- WHAT TO PRODUCE
Return the records word for word. Any pictures in them are not part of the copy.

*** EXCERPTED DATA ***

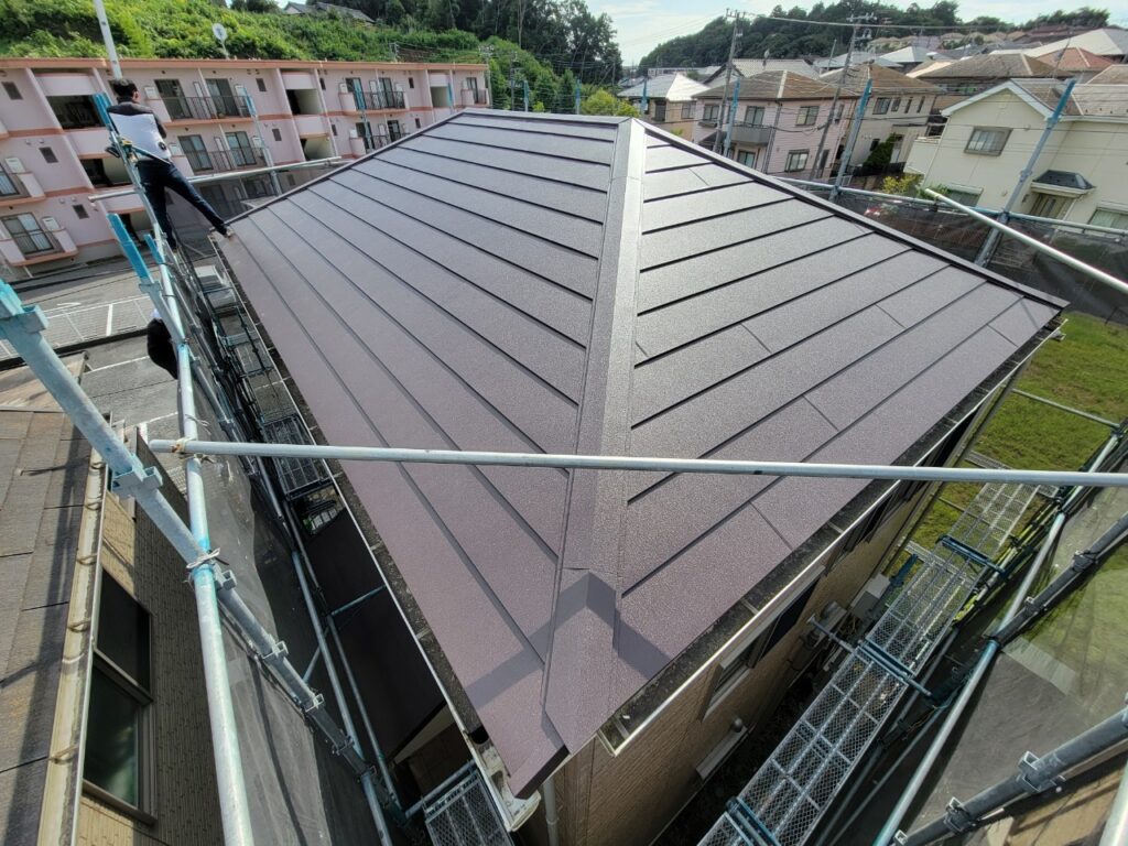 今回使用したガルテクトという屋根材は嵌め合わせて葺くことにより風に強く、耐久性に優れています。
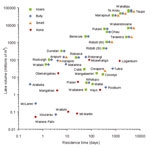 The graph shows residence times and lake capacities and which fish have developed land-locked populations in each lake.
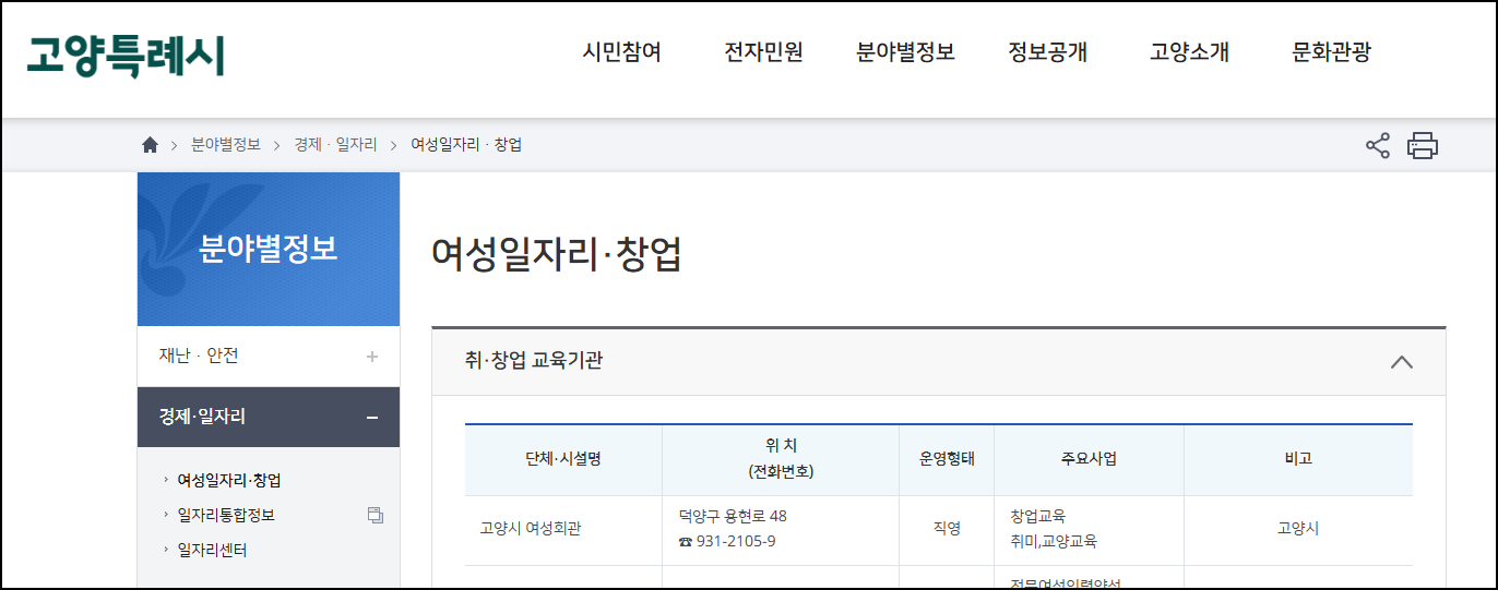 - 고양시 여성회관: 창업 교육 및 취미, 교양 교육 제공
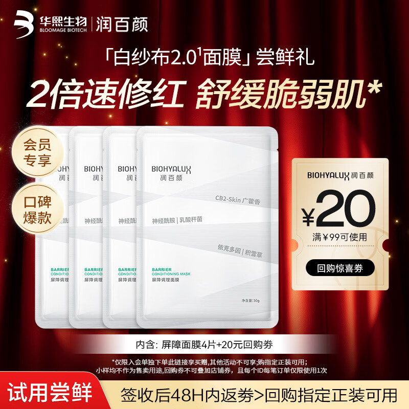 【京东商城】【美容美妆】润百颜屏障调理白纱布2.0面膜4片补水舒缓干痒红敏肌晒后修
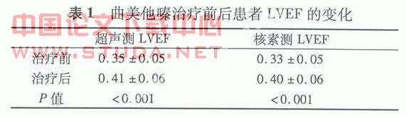 2.1 曲美他嗪治疗前后患者LVEF改变见表1。?
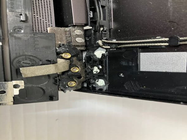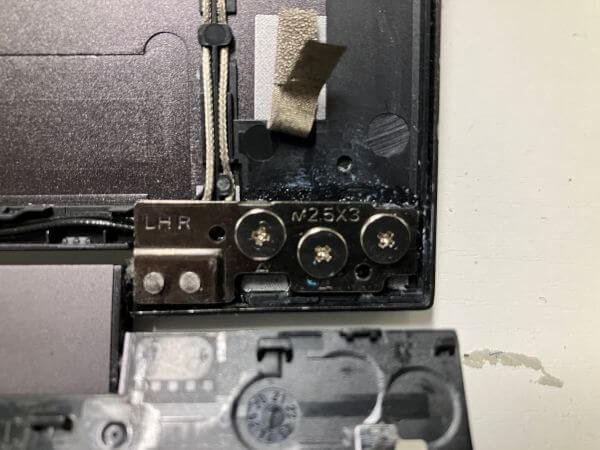 分解すると、完全にネジでヒンジを固定する箇所が破損していました。
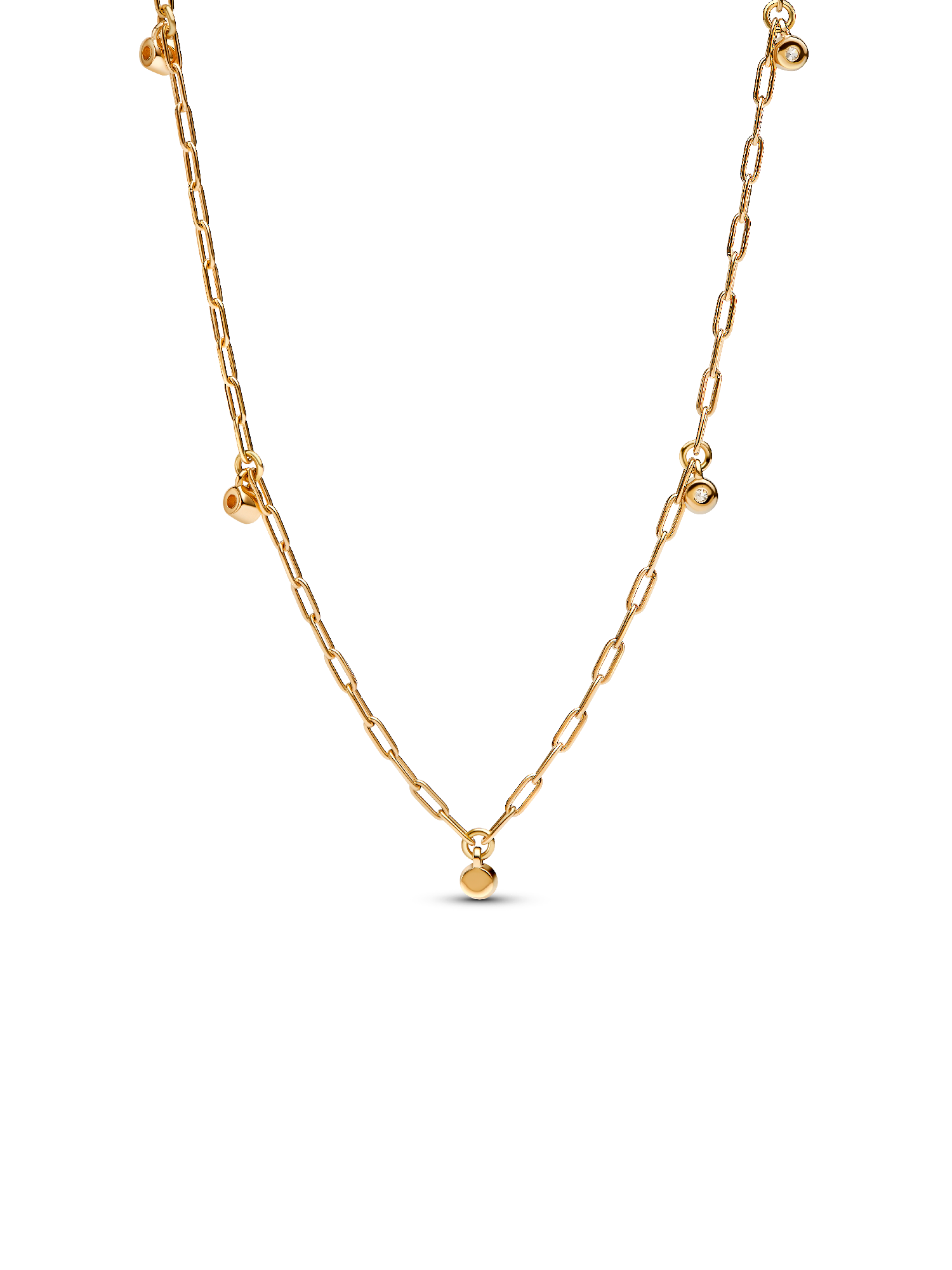 Elevate your everyday with sparkling lab-grown diamonds. Crafted in 14k gold, this necklace features five round brilliant, bezel-set lab-grown diamonds. The elegant paperclip chain adds a contemporary touch, making it perfect for layering or wearing alone. Adjust the length to suit your style. This piece embodies a refined, delicate aesthetic—perfect for any occasion.

*** End of EXCERPTED DATA ***

- PROBLEM SOLUTION
 今回使用したガルテクトという屋根材は嵌め合わせて葺くことにより風に強く、耐久性に優れています。
 The graph shows residence times and lake capacities and which fish have developed land-locked populations in each lake.
 - 고양시 여성회관: 창업 교육 및 취미, 교양 교육 제공
 【京东商城】【美容美妆】润百颜屏障调理白纱布2.0面膜4片补水舒缓干痒红敏肌晒后修
 2.1 曲美他嗪治疗前后患者LVEF改变见表1。?
 分解すると、完全にネジでヒンジを固定する箇所が破損していました。
 Elevate your everyday with sparkling lab-grown diamonds. Crafted in 14k gold, this necklace features five round brilliant, bezel-set lab-grown diamonds. The elegant paperclip chain adds a contemporary touch, making it perfect for layering or wearing alone. Adjust the length to suit your style. This piece embodies a refined, delicate aesthetic—perfect for any occasion.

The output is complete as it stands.